Stack Documentation

Our portfolio company Stack Overflow (or Stack as I prefer to call them) has launched something new and interesting today.

It is called Stack Overflow Documentation.

This is what Stack co-founder and CEO Joel Spolsky told me about Documentation a few weeks ago:

The current state of developer documentation is pretty abysmal. It’s spread all over the place, in a million different formats. It’s never complete and rarely includes good example code. Even the best developer documentation is usually on a static website with no community or crowd sourcing features, so it stagnates.
After months of beta testing, we are launching a global, crowdsourced developer documentation section on Stack Overflow that covers everything from programming languages to APIs and frameworks. It will be completely community generated, with all the reputation stuff that made Stack Overflow successful (voting, reputation, tags, community moderation, etc).
When you poke around at the state of developer documentation on the web in 2016, it feels a lot like… developer Q&A before Stack Overflow. It’s fragmented, half of it is out of date, it’s very very uneven in quality, and when you find a bug there’s no way to fix it. We think that applying the mechanics of Stack Overflow Q&A to crowdsourced documentation will make as big a difference in developers’ lives as the original Stack Overflow.

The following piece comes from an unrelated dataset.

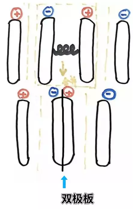 但是如果要串联很多单电池,这样做就太麻烦了,我们可以用一块导电板替代导线,导电板一面与正极接触,另一面与相邻单电池的负极接触,所以称之为双极板;工作时,电子通过双极板直接传导至相邻单电池,这样既节省了空间又缩短了电子的传导路径,降低了电池的内阻。
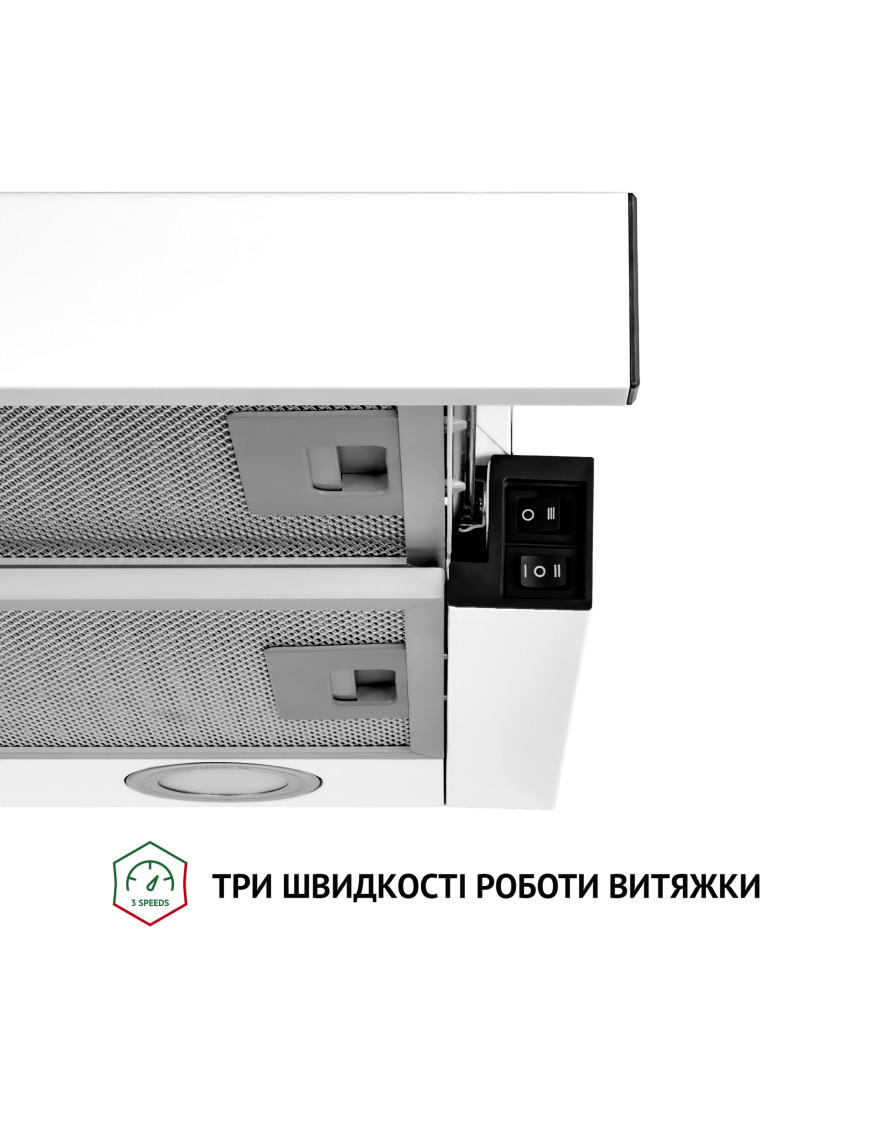 Вытяжка для кухни работает на трех скоростях, что позволяет выбирать нужную интенсивность очистки воздуха в зависимости от его загрязненности.

The secret sauce behind Stack’s success is the fact that crowdsourcing information is way better than the top down approach when it is combined with a specific set of tools that make the crowdsourced data super high quality. The latter is what Joel calls the “reputation stuff” (voting, reputation, tags, community moderation, etc).

It makes all the sense in the world that Stack would focus their secret sauce at Developer Documentation in addition to Developer Q&A. So if you are working in Javascript and want to find some documentation or contribute some documentation, go here. If its Docker that’s giving you fits, go here. And for Android devs, this is for you. The entire Documentation section is here.

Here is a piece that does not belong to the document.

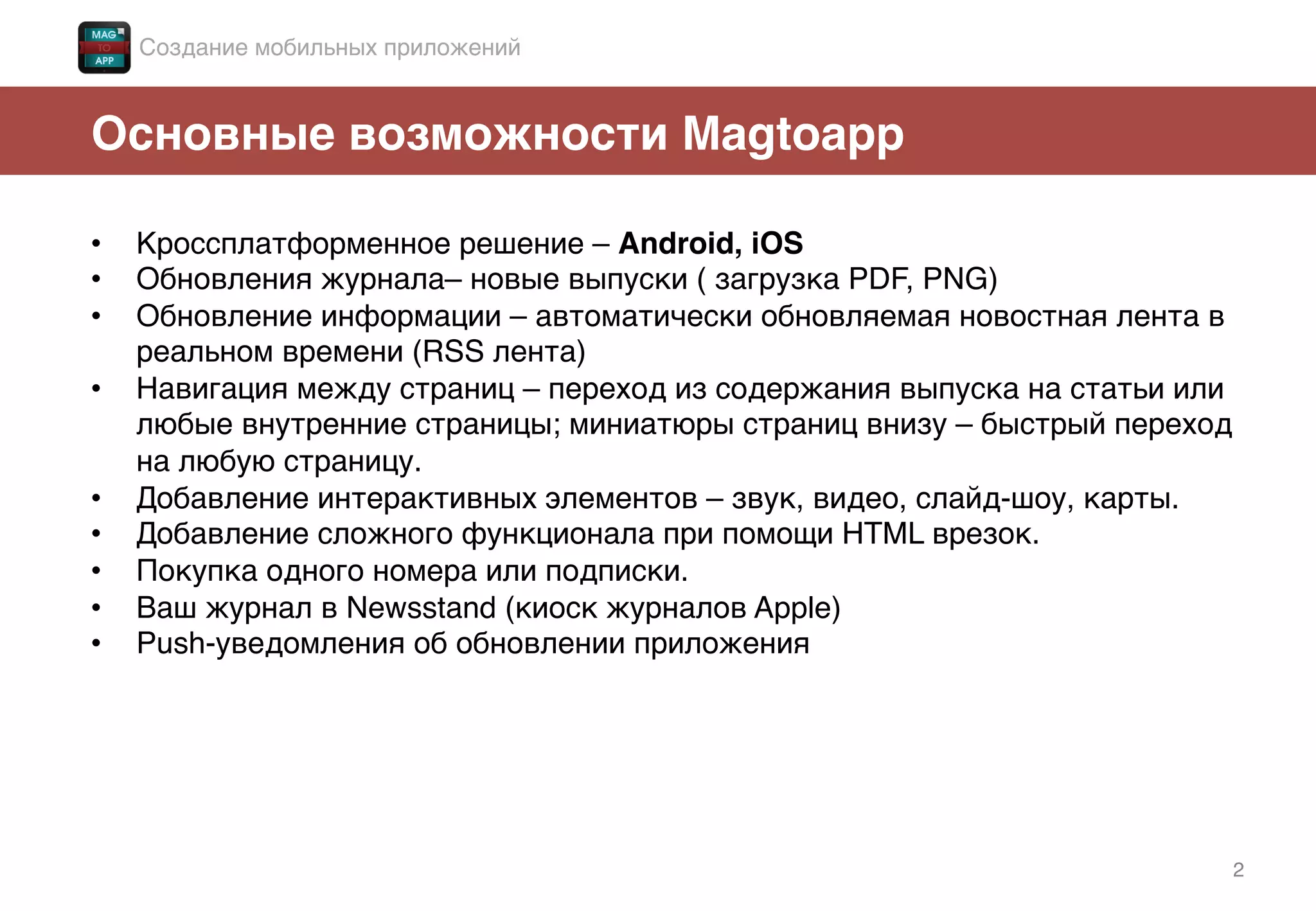 Документ описывает создание мобильного приложения с использованием платформы magtoapp, включая основные функции, такие как кроссплатформенная совместимость, интерактивные элементы и различные типы контента. В нем также подробно рассматриваются инструменты для импорта материалов и настройки внешнего вида приложения, таких как видео, аудио, слайд-шоу и карты. Кроме того, предоставлены инструкции по коммуникации и поддержке пользователей через контактную информацию.

Developer Documentation is in Beta right now and though it is pretty good already, I expect it will get a lot more complete and a lot more thorough in the coming months. And if you are so inclined, please help make that so.


Comments (Archived):

  1. kidmercury

    fantastic. for all the developer education stuff talked about here, nothing compares to stack. hopeful and optimistic this ends the documentation nightmare that is generally the case with APIs

    1. JamesHRH

      Nice to see you Kid!

  2. awaldstein

    smart.developers are where networks and community intersect with more frequency and with better results.this layer builds on that.

  3. JimHirshfield

    Wattpad for devs?#thisforthat

    1. Kirsten Lambertsen

      The Missing Manual for everything.

  4. Twain Twain

    Hurray and well done, Stack team! This resource adds value and reduces the wrong types of time sink for devs.Looking forward to the Machine Learning and Big Data (eg matlibplot) documentation!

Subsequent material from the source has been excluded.